Future Black Baby–
Hello to you and yours! I’m your future black mother, and you’re my future black bundle of joy (actually, I have no idea if you’ll be black. My current partner is white, and things are going swimmingly, so you might be beige. Also, maybe you won’t be so joyful. You might be a miserable mung bean of a baby). I know that neither of us exist yet, but I thought, “why wait for material cause?” Well, ha ha, I have more material cause than you currently have, but guess what, I’ll have a lot more things because I’ll be an adult and you’ll be a baby.
We’re not even close to being a family, but it’s important that we start pretending now. The future is going to be a stressful place full of loud Regis Philbin clones, so we need all the preparation we can afford. I need all the preparation I can afford. Your welfare and Afro-centric wellness are at the top of my to-do-later-in-the-future list.
Some of your needs I can’t predict, but some of them I can. For example, your name. As much as I’ll enjoy calling you The Blackest (Beigest) Baby Alive, you’ll need a name that will impress people. Most parents in the future will waive the right to name their offspring, which means children will choose their own names. But… I don’t know, is this a risk you’re willing to incur? Because you don’t (can’t. won’t) speak English very well, and you’re not very well-read. Your pool of human names will be shallow, but my pool runs deep.
I’d really like to name you something like Baby 3000 (like André 3000. But a baby), or The Thinnest Baby, or DVD Blu-Baby, or The iBaby Touch, or AT&Baby, or The Micro Baby, or The Macro Baby, or Harriet, or Babyface, or Alive Baby, or The Realest Baby Alive, or Real Live Babies (if you’re a set of twins), or Extremist Baby, or Justin Timberbaby, or Dr. Baby, or Machine Gun Baby, or Ghost Baby, maybe even Tyler, The Baby, or The Best Baby, or Baby Luther King, Jr., or DMXBABY. Etcetera.
I’m more than prepared to name you, but can I be real? Okay, this is me being real: I’m not prepared to comb your hair. Honestly, there’s no telling what it’ll look like. Not only are you a black (or beige) baby, you’re a black (beige) baby from the future! This could mean a number of things. Most of them are terrible:
a) You’re born with a sew-in, synthetic weave.
b) Through case-based reasoning, you’ve perfected the Jheri curl.
c) Your weave is bionic.
d)Your Jheri curl is bionic.
All of these things could happen.

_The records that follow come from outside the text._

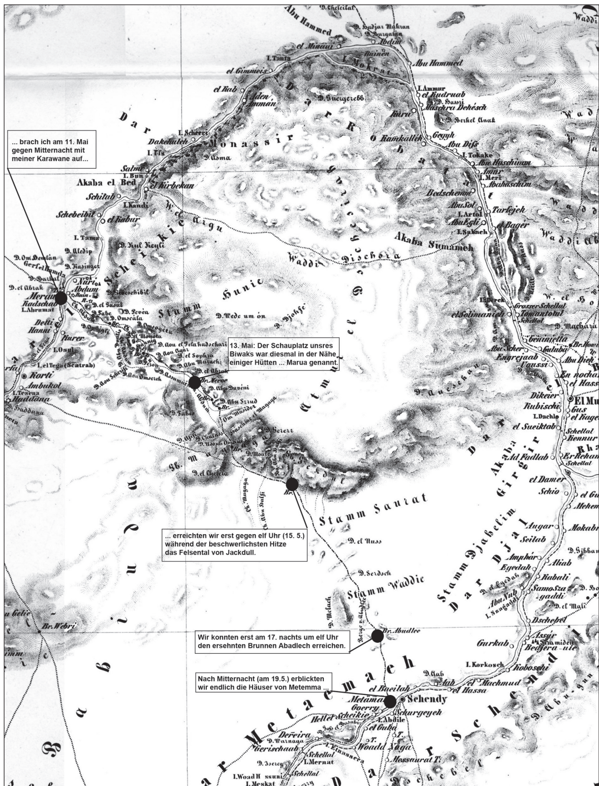
Abb. 2: Reiseroute des Fürsten von Pückler-Muskau (Ausschnitt der Karte von Russegger 1841-49 mit identifizierbaren Haltepunkten von Pückler-Muskau, Gestaltung A. Lohwasser)
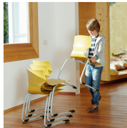
Bis zu 5 Stühle stapelbar (ohne Polster)
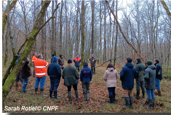
Sarah Rotiel © CNPF

Cette rencontre a permis de confronter les expériences de terrain et de promouvoir une gestion forestière fine et résiliente.

None of these things could happen. A startling combination of these things (namely items b and d) could happen. Whatever happens, I promise you that my partner and I will learn how to braid your hair, even if you accidentally short circuit, and electrically burn our fingertips.
On a related note: Are you a robot? It’s okay if you are, but we need to know.
I promise to hold off on the slave narratives, but I really hope you enjoy magical realism, because it will make up the majority of your bedtime reading.
On an unrelated note: Do you know how to do the Cupid Shuffle? It’s okay if you don’t, but we need to know.
Now, assuming we time this pregnancy correctly, you shouldn’t have to worry about BET. Before you’re born, Spike Lee and Dr. Boyce Watkins will lead a media coup that will unseat BET founder and autocrat Robert L. Johnson. In the following year, Lee and Watkins will launch a network recovery program titled “Black to Basics: A Return to Healthy Black Programming.” Tyler Perry will undergo gender reassignment surgery, and he will emerge as their first success story (don’t ask me how I know this, just accept that I know this).
Future Baby, I hope you know that I will love you. I will support your artistic hustle, I will encourage your academic grind, I will protect your culture, and I will breastfeed you to the best of my ability.
I promise, you will survive in America.